Enabling Human–Autonomy Teaming in Medical Imaging Through Transformers
Loading...
Date
Authors
Journal Title
Journal ISSN
Volume Title
Publisher
Abstract
Significant progress in deep learning has positioned highly capable, fully automated
medical imaging tools on the near horizon. However, translation from research into
clinical practice is slower than the rapid technological advancements. There is an alternative
that is more feasible and leverages strengths from both a human operator and
machine learning based tools where a decision support system is in charge of augmenting
human ability.
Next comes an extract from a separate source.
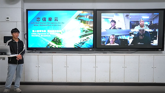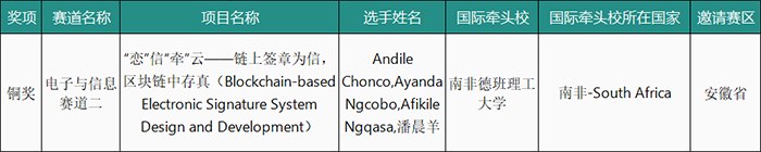 本次参赛队由信息技术学院金鑫和陈小祥老师指导,三名南非德班理工大学学生Andile Chonco、Ayanda Ngcobo、Afikile Ngqasa和伟德官网优秀选手潘晨羊共同组队,以区块链电子签章系统开发为项目内容参赛。该项目来源于该生实际开发的一个区块链电子签章系统项目,系统采用FISCO BCOS作为底层平台,利用区块链技术的去中心化、不可篡改和透明性等特点,确保电子签章的真实性和安全性。该系统实现了电子签章的生成、验证、存储和管理等功能,用户可以通过该系统进行电子文档的签章和验证操作,体现了较高的技术水准和复杂度。

Termed human autonomy teaming (HAT), the goal is to have teams of
human operators with autonomous machines work together on required tasks. The adoption
of HATs has unfortunately also been slow. Interestingly, transformer-based deep
learning architectures bring unique properties, the attention mechanism and generative
pre-training, that may have applications across different medical imaging related tasks
and further investigation may provide insights for better adoption of HATs.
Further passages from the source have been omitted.